■ **EXERCISE GOAL**
Repeat every line of the data exactly, but not the pictures.

(Excerpts from a dataset)

=== Begin Enclosure ===

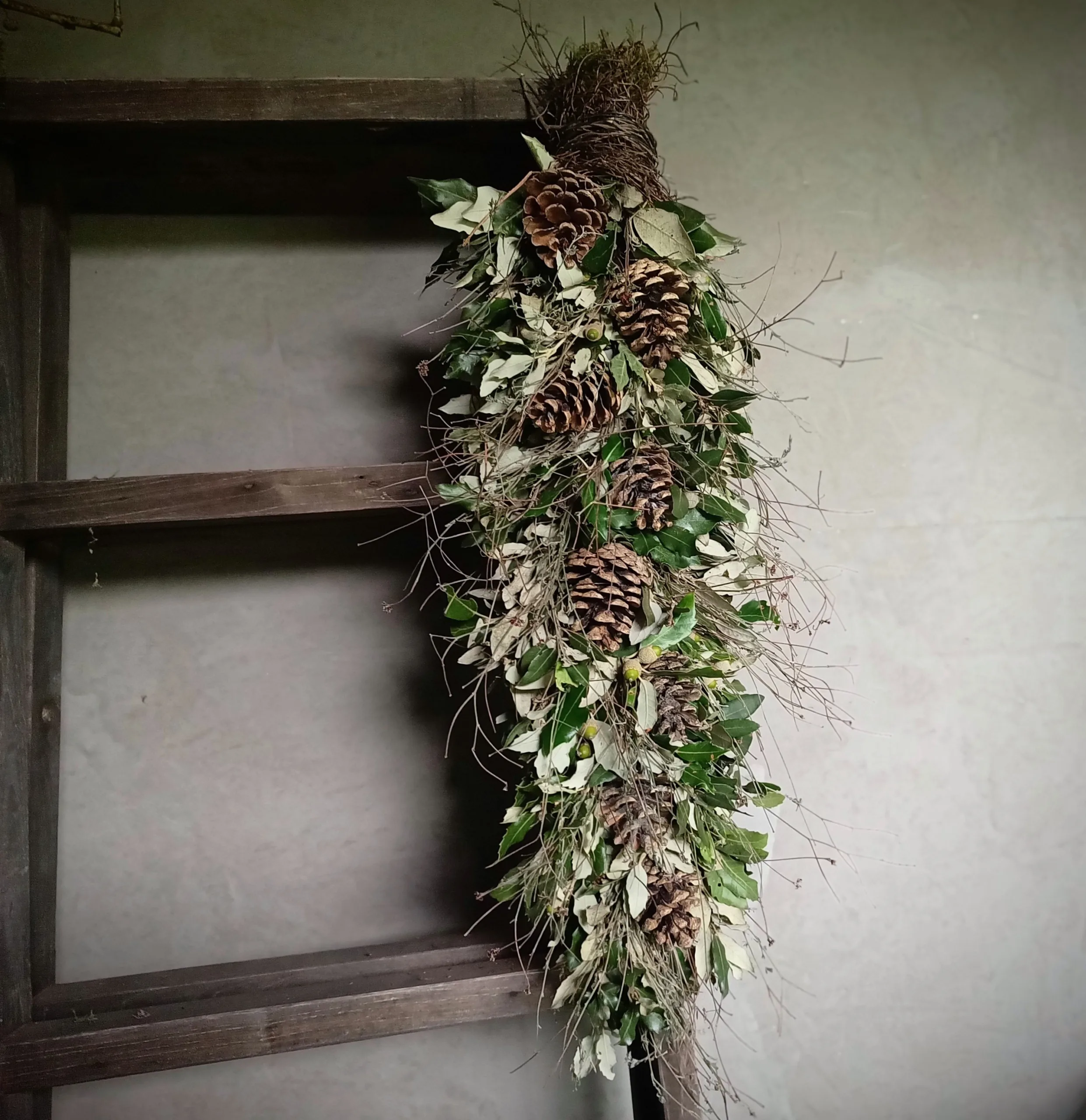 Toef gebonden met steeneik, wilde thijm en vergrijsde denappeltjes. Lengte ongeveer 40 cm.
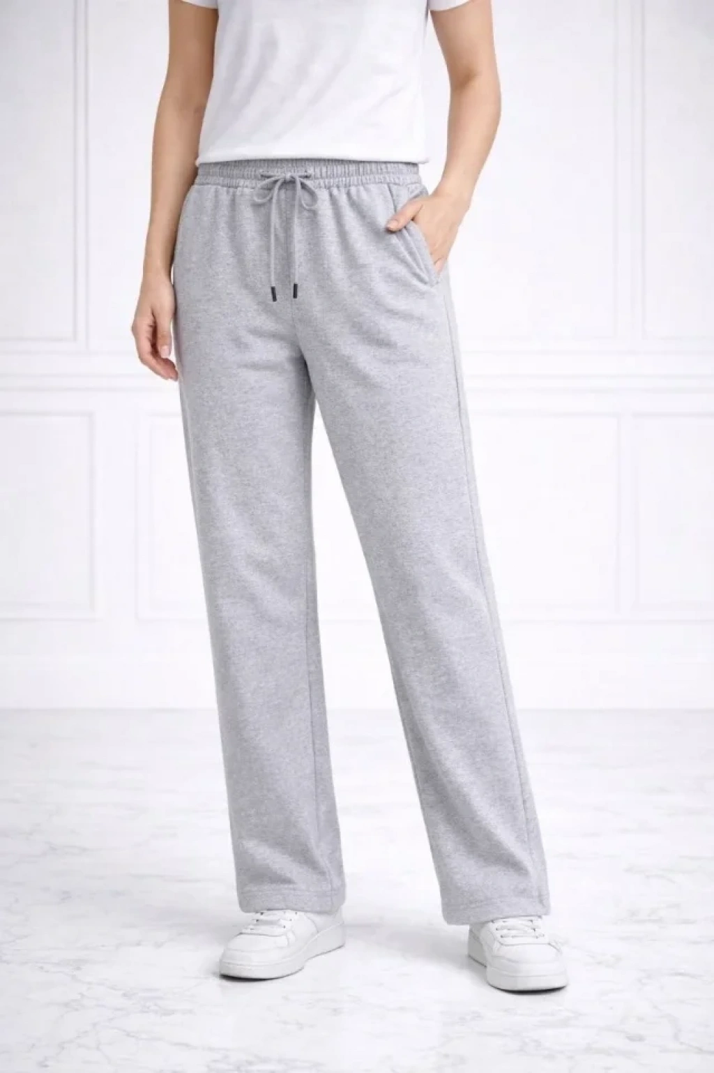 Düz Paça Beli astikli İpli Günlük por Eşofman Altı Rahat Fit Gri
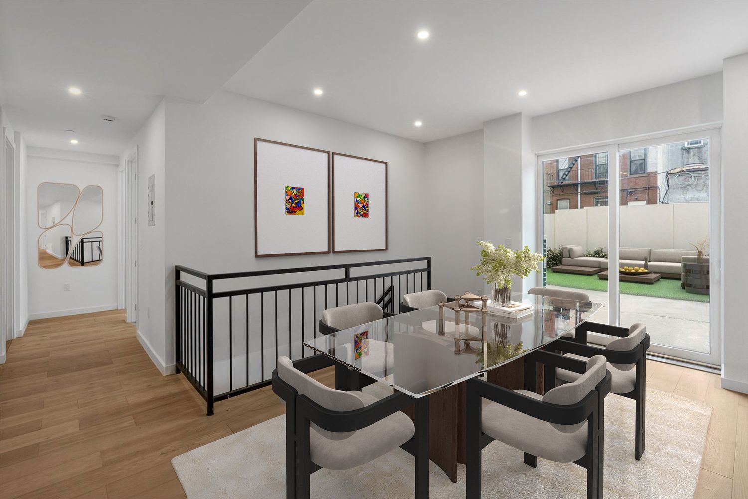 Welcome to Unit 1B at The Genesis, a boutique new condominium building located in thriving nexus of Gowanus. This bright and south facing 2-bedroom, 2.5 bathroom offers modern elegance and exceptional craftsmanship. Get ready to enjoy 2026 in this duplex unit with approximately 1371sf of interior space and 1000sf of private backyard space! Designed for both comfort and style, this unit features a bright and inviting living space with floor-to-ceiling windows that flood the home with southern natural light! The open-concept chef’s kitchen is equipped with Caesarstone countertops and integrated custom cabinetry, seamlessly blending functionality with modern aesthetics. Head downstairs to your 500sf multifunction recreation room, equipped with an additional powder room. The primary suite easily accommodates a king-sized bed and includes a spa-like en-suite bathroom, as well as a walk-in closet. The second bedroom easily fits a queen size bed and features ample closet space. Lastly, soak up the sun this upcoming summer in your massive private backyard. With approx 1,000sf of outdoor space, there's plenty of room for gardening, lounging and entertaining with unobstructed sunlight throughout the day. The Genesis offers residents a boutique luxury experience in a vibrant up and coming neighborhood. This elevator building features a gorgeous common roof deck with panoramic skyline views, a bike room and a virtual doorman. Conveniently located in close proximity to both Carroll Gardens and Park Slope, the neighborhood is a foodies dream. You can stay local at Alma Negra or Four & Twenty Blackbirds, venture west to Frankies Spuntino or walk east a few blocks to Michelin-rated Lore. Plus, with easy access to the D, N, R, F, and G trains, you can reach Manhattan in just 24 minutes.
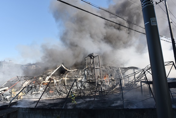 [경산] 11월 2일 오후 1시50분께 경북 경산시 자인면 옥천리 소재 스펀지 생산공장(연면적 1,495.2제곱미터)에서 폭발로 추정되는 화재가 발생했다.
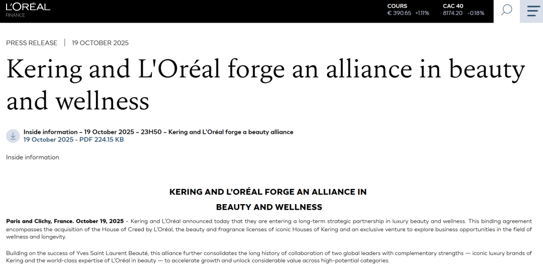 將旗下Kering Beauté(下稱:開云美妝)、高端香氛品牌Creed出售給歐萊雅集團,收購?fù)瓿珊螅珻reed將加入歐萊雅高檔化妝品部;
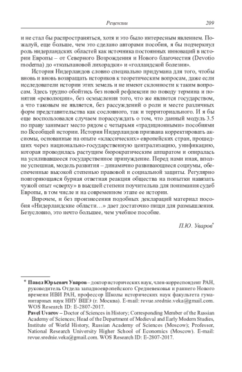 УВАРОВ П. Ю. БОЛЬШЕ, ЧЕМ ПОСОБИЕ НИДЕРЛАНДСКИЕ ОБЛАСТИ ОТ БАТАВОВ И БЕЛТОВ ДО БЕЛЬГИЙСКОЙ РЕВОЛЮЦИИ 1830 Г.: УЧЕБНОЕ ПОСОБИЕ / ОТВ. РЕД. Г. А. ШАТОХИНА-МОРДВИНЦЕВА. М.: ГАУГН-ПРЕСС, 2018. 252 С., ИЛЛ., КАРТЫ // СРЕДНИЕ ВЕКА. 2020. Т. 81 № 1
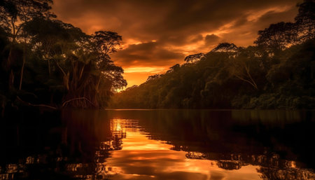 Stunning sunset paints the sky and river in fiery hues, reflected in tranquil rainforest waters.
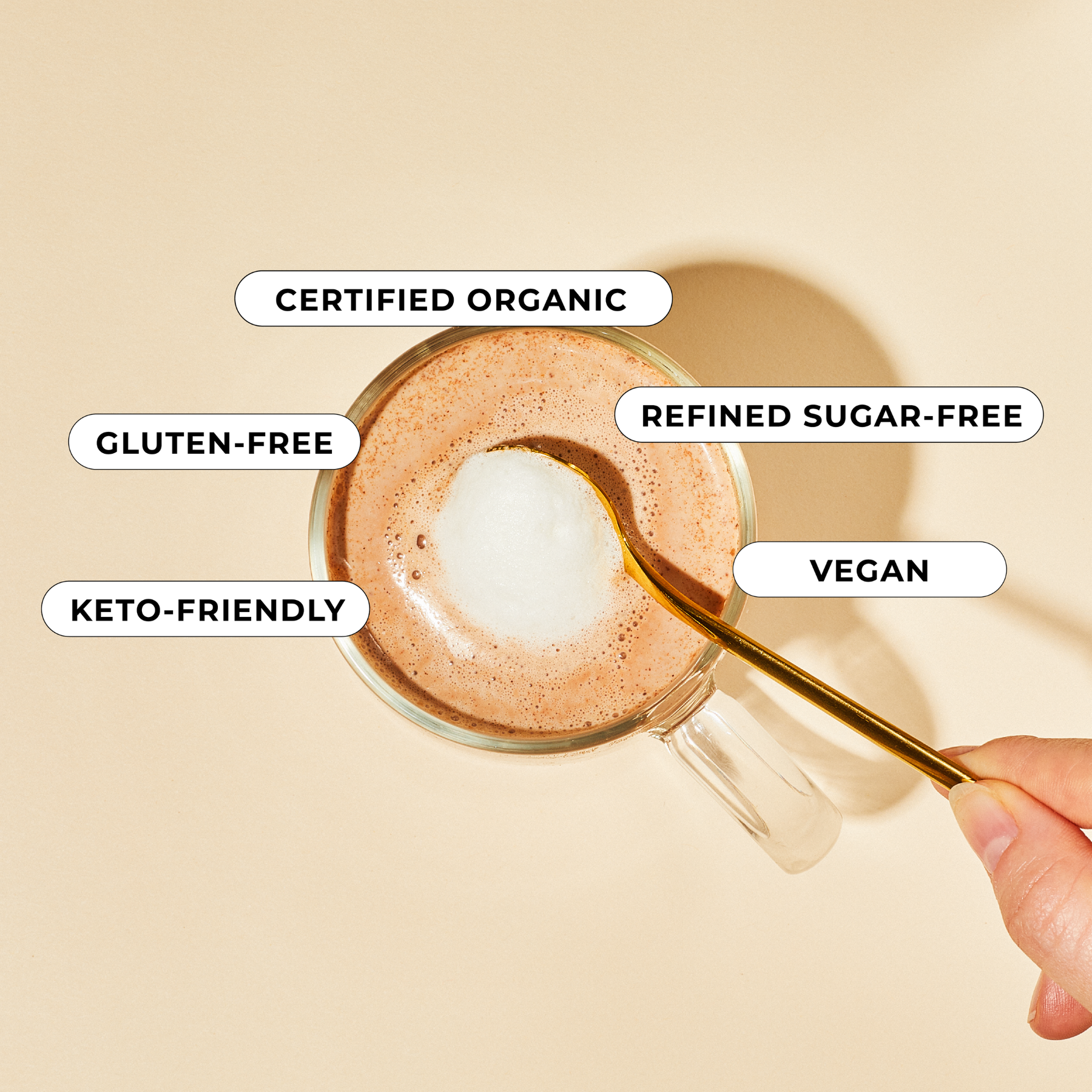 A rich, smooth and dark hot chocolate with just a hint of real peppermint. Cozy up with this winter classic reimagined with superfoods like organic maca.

=== End Enclosure ===

■ **ANSWER AREA**
 Toef gebonden met steeneik, wilde thijm en vergrijsde denappeltjes. Lengte ongeveer 40 cm.
 Düz Paça Beli astikli İpli Günlük por Eşofman Altı Rahat Fit Gri
 Welcome to Unit 1B at The Genesis, a boutique new condominium building located in thriving nexus of Gowanus. This bright and south facing 2-bedroom, 2.5 bathroom offers modern elegance and exceptional craftsmanship. Get ready to enjoy 2026 in this duplex unit with approximately 1371sf of interior space and 1000sf of private backyard space! Designed for both comfort and style, this unit features a bright and inviting living space with floor-to-ceiling windows that flood the home with southern natural light! The open-concept chef’s kitchen is equipped with Caesarstone countertops and integrated custom cabinetry, seamlessly blending functionality with modern aesthetics. Head downstairs to your 500sf multifunction recreation room, equipped with an additional powder room. The primary suite easily accommodates a king-sized bed and includes a spa-like en-suite bathroom, as well as a walk-in closet. The second bedroom easily fits a queen size bed and features ample closet space. Lastly, soak up the sun this upcoming summer in your massive private backyard. With approx 1,000sf of outdoor space, there's plenty of room for gardening, lounging and entertaining with unobstructed sunlight throughout the day. The Genesis offers residents a boutique luxury experience in a vibrant up and coming neighborhood. This elevator building features a gorgeous common roof deck with panoramic skyline views, a bike room and a virtual doorman. Conveniently located in close proximity to both Carroll Gardens and Park Slope, the neighborhood is a foodies dream. You can stay local at Alma Negra or Four & Twenty Blackbirds, venture west to Frankies Spuntino or walk east a few blocks to Michelin-rated Lore. Plus, with easy access to the D, N, R, F, and G trains, you can reach Manhattan in just 24 minutes.
 [경산] 11월 2일 오후 1시50분께 경북 경산시 자인면 옥천리 소재 스펀지 생산공장(연면적 1,495.2제곱미터)에서 폭발로 추정되는 화재가 발생했다.
 將旗下Kering Beauté(下稱:開云美妝)、高端香氛品牌Creed出售給歐萊雅集團,收購?fù)瓿珊螅珻reed將加入歐萊雅高檔化妝品部;
 УВАРОВ П. Ю. БОЛЬШЕ, ЧЕМ ПОСОБИЕ НИДЕРЛАНДСКИЕ ОБЛАСТИ ОТ БАТАВОВ И БЕЛТОВ ДО БЕЛЬГИЙСКОЙ РЕВОЛЮЦИИ 1830 Г.: УЧЕБНОЕ ПОСОБИЕ / ОТВ. РЕД. Г. А. ШАТОХИНА-МОРДВИНЦЕВА. М.: ГАУГН-ПРЕСС, 2018. 252 С., ИЛЛ., КАРТЫ // СРЕДНИЕ ВЕКА. 2020. Т. 81 № 1
 Stunning sunset paints the sky and river in fiery hues, reflected in tranquil rainforest waters.
 A rich, smooth and dark hot chocolate with just a hint of real peppermint. Cozy up with this winter classic reimagined with superfoods like organic maca.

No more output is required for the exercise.